Can you disclose where you found Leonardo’s “Salvator Mundi”?
Alex and I acquired the painting at an estate auction in the United States, but we’ve never divulged the location of the auction. We were not permitted to, according to the terms of the confidentiality agreement we signed at the time that we sold the painting.
What were your first thoughts on seeing the picture? When did you come to believe it was indeed by Leonardo?
I thought the painting had real possibilities. But, honestly, only as a very fine example by one of Leonardo’s contemporaries or students. It took two years of study and two years of meticulous conservation work before I allowed myself to begin to believe this could be the real thing.
Has your life changed since the discovery?

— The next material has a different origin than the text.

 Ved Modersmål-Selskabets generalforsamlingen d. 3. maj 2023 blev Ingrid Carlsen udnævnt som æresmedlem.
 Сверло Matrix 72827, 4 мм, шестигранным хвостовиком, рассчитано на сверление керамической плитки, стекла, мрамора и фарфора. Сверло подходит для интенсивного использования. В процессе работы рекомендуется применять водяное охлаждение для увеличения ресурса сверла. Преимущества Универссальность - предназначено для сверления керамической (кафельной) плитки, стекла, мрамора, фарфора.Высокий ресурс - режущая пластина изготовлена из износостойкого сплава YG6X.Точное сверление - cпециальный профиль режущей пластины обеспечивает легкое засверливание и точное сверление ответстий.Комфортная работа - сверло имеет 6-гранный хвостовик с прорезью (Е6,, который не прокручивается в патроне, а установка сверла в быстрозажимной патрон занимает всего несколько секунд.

Yes, in a few ways. I was able to add a library onto my house, for instance. Otherwise, my lifestyle is remarkably unchanged. I take pleasure in the things that gave me pleasure before and worry about what worried me previously. It makes for a balanced life.
Did the record sale increase interest in the Old Masters field?

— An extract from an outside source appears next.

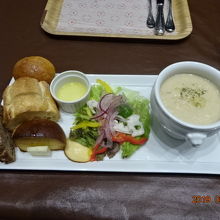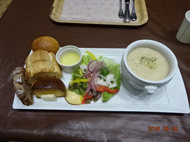 勤務先のビルの地下にあり、パンとスープ、サラダのワンプレートランチが美味しそうだったので行ってみました。スープの選択肢は2種類で、じゃがいものポタージュかミネストローネ、パンは4種類、それに少量のサラダが一緒に盛られています。パンは1回のみお代わり可能で、2種類が追加で供されます。パンを温めているのか出てくるまでに結構時間が掛かりました。スープは少し味が濃い。サラダは普通、可もなく不可もなくという感じ。そしてブランジェリー(パン屋)なので、一番肝心なパンは美味しいのだろうと思っていましたが、前の日の残りでも温めて、誤魔化して出しているのではと思う程、水分が抜けて、パサついたパンでした。種類も安っぽい物ばかりで、これなら割高でも好きなの選んで食べた方が美味しかったのかなとも思いましたが、本当に美味しいパンならベーシックなほどよく分かるし、昨今流行りの高級食パンの良いお品は日にちが経っても美味しいので、この程度のレベルならどちらにしろ大したことはないと思います。結構高額なパンも並んでいましたが、リピートはないですね。サービスだけはわるくありませんでしけど。

Time will tell. It certainly was refreshing to see popular attention focused on the artist I believe was the greatest example of our civilization, if not our species. But whether this will last in a culture focused on the new and the transient is hard to predict.
Do you make a cameo appearance in Walter Isaacson’s best-selling book Leonardo da Vinci?
Yes, I do. It is a fine book and it includes a chapter on the “Salvator Mundi.”
With a doctorate from Columbia, how did you end up a dealer? What do you love most about what you do?
The basic truth is that I could not find an academic position in a place I liked. I wanted to stay in New York and so began working as an appraiser, in my free time attending every auction viewing I could. Eventually, I was offered a job doing research for Piero Corsini, a dealer in Old Master pictures. I discovered I had a knack for identifying misattributed works. At first they were by very minor artists, but I’ve moved up since. I am one of those lucky people who is able to work in a field that I enjoy and care about. Studying and dealing with art brings great satisfaction from the places I visit, the people I meet and the paintings I am able to handle.
What interests you most today?
I am still very interested in Sixteenth Century Florentine painting, the subject of most of my academic work. My dissertation was on Bronzino. But I remain passionate about all sorts of art: Amarna period sculpture, Sienese gold-grounds, Carlo Crivelli, Caravaggio and his followers, Andrew Wyeth, South Indian bronzes.
I’m happy to see you devote space to Spanish Colonial art. Are you finding a receptive audience?
Yes, there is definitely a growing interest among museums. There is an awareness that “colonial” in our diverse country can mean more than what flourished in the Northeast. Converging cultures, to borrow the title of the wonderful exhibition of Latin American art at the Brooklyn Museum in 1996, bring together both European – largely Spanish – culture and the arts and traditions of the varied populations of the Americas. For me it is an exciting area, one only recently the focus of serious study and collecting.
What would readers be surprised to learn about you?
That I started painting a couple of years ago – and that I am not very good at it (maybe not so surprising)!
Best find lately?
Can’t say. I am working on it.
One that got away?
Too many of those – and I try to forget about them. One must trust in picture karma.